Гнилостный запах исчез, лицо у Трэвиса порозовело и больше не покрыто испариной. Он кладет руку мне под подбородок, и я вдруг понимаю, что снова плачу: все лицо уже мокрое от слез.

— Помолись за меня, Мэри.

— Я… не умею. Не знаю ни одной молитвы.

— Давай ту, что про океан, — просит он и смеется.

Потом, снова улыбнувшись, Трэвис осторожно ложится, а я склоняюсь поближе к нему и начинаю шептать. Его рука крепко стискивает мою. Ничего не могу поделать со своим сердцем — оно колотится часто, как никогда.

 

* * *

Последнюю неделю я навещала Трэвиса каждую ночь и рассказывала ему истории моей мамы. Я вымоталась, но была безумно счастлива. По ночам мы оказывались в другой вселенной, нашей собственной, и принадлежали только друг другу, словно навек забыли обо всех остальных обязательствах.

Сегодня, когда я стою на коленях у его кровати, мое тело пульсирует от напряжения. Наши пальцы сплетены, кажется, мы уже очень давно дышим воздухом друг друга, хотя на самом деле прошло всего несколько секунд. Между нашими губами бесконечность, и они никогда не соприкоснутся. Как в математике: делить пополам можно сколько угодно, ноль все равно не получится.

Наконец мои губы почти дотрагиваются до губ Трэвиса, и я забываю обо всем: о Кэсс, Гарри, Джеде и нашей деревне. Сегодня ночью в этой комнате есть только Трэвис, я и наш первый поцелуй.

В этот самый миг я чувствую неладное. То ли сквозняк подул в другую сторону, то ли где-то скрипнула открывающаяся дверь, но я немного отстраняюсь и заглядываю в глаза Трэвису. Он тоже что-то заметил и насторожился.

— Ш-ш-ш… — Я прикладываю палец к нашим губам, мысленно удивляясь, что между нами поместился целый палец.

Прислушиваюсь, и вот оно! Шаги по коридору, шаги сразу нескольких человек.

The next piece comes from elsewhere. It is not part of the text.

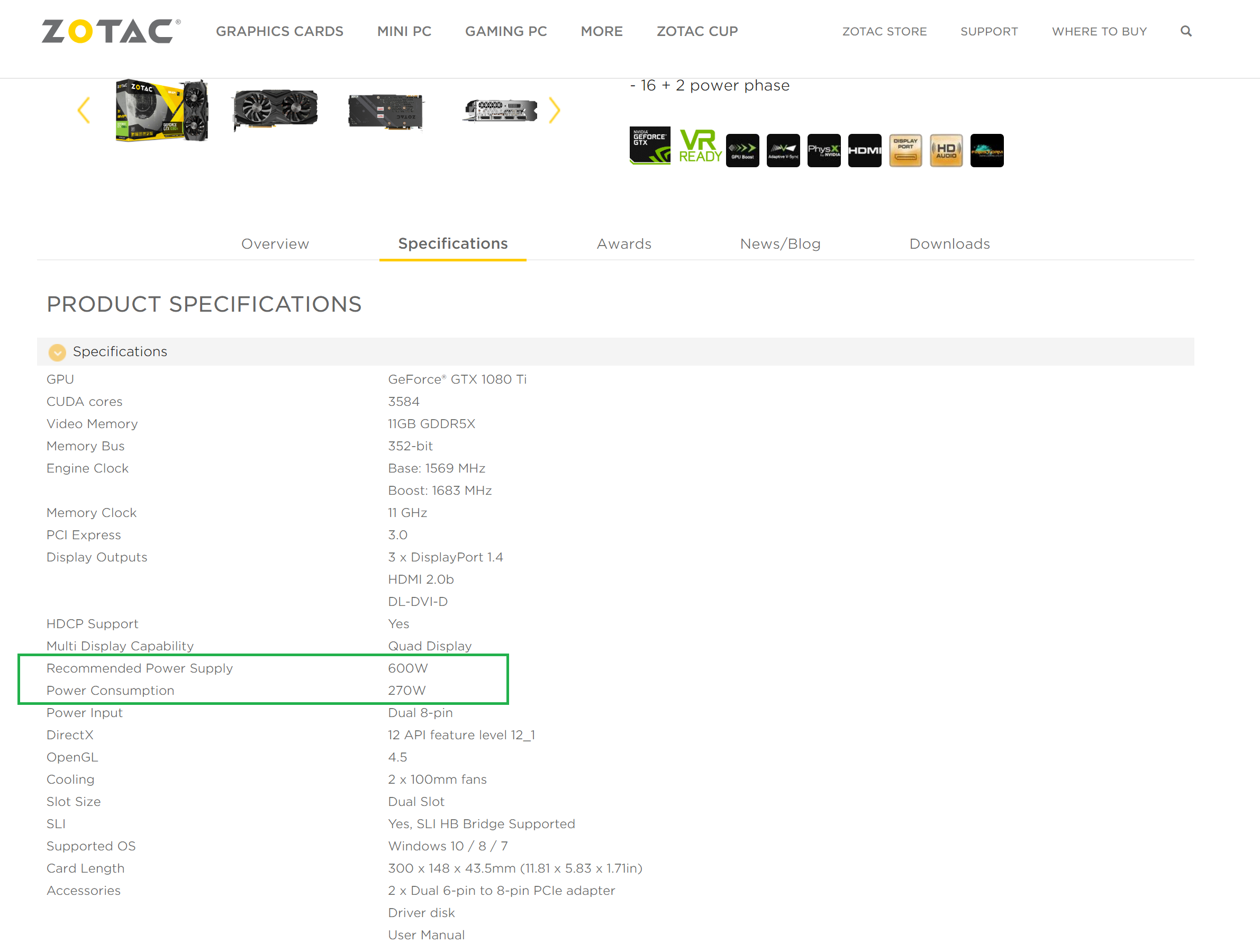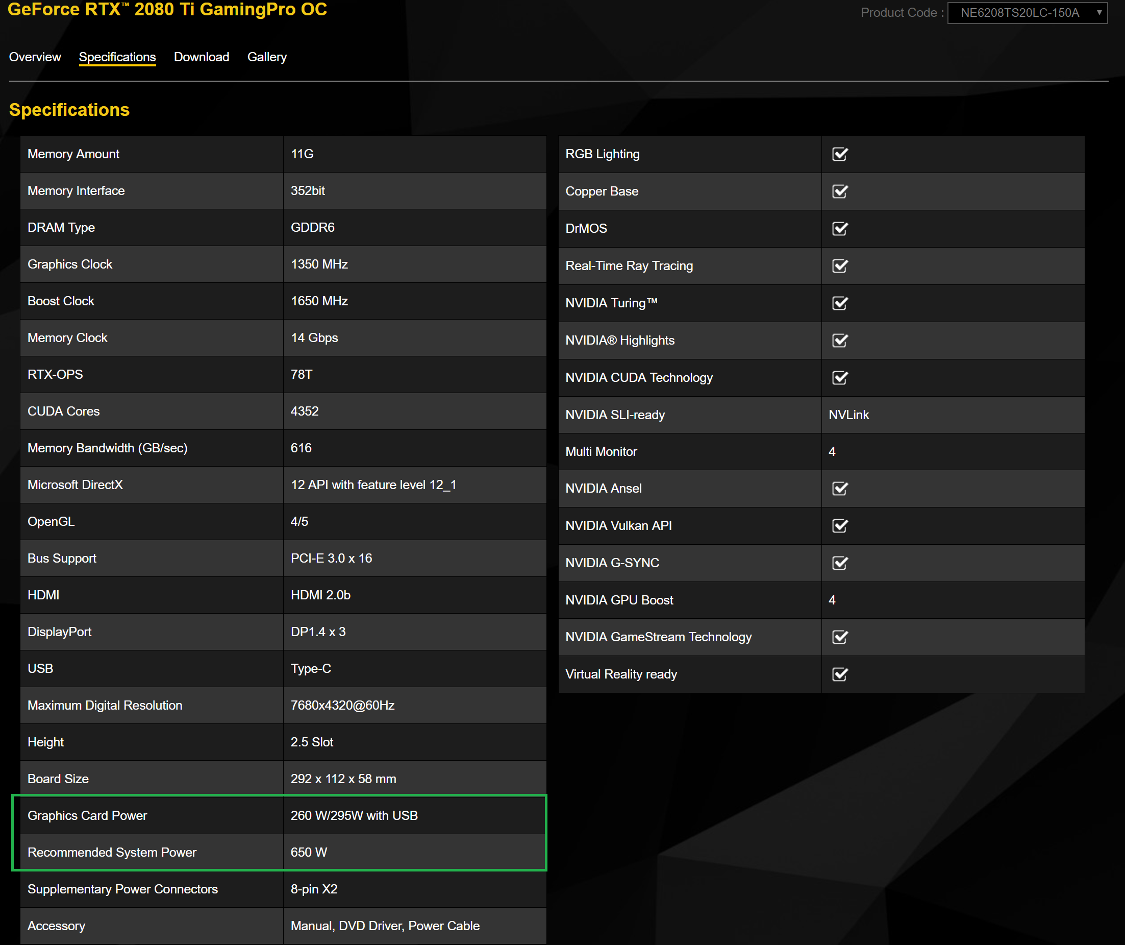 Вот спецификация с вашего сайта по RTX2080Ti Gaming Pro OC

Я в страхе подскакиваю на месте, а Трэвис хватает меня, перекидывает через себя, прижимает к стенке и накрывает одеялом нас обоих.

Я, затаив дыхание, жду.

В коридоре раздаются отчетливые шаги, затем шепот. Дверь в нашу комнату отворяется, чуть скрипнув, и меня тут же прошибает пот. Наши с Трэвисом сердца бьются беспорядочно, не в такт, этот грохот просто нельзя не услышать. В такой позе я не вижу, что делает Трэвис, но чувствую его ровное глубокое дыхание: он притворяется спящим. Я крепко зажмуриваюсь и проклинаю себя за то, что пошла на такой риск.

Заходят в комнату.

— Трэвис?

Я прикусываю губу. Это голос Сестры Табиты: она проверяет, спит он или нет. Трэвис молчит и не шевелится.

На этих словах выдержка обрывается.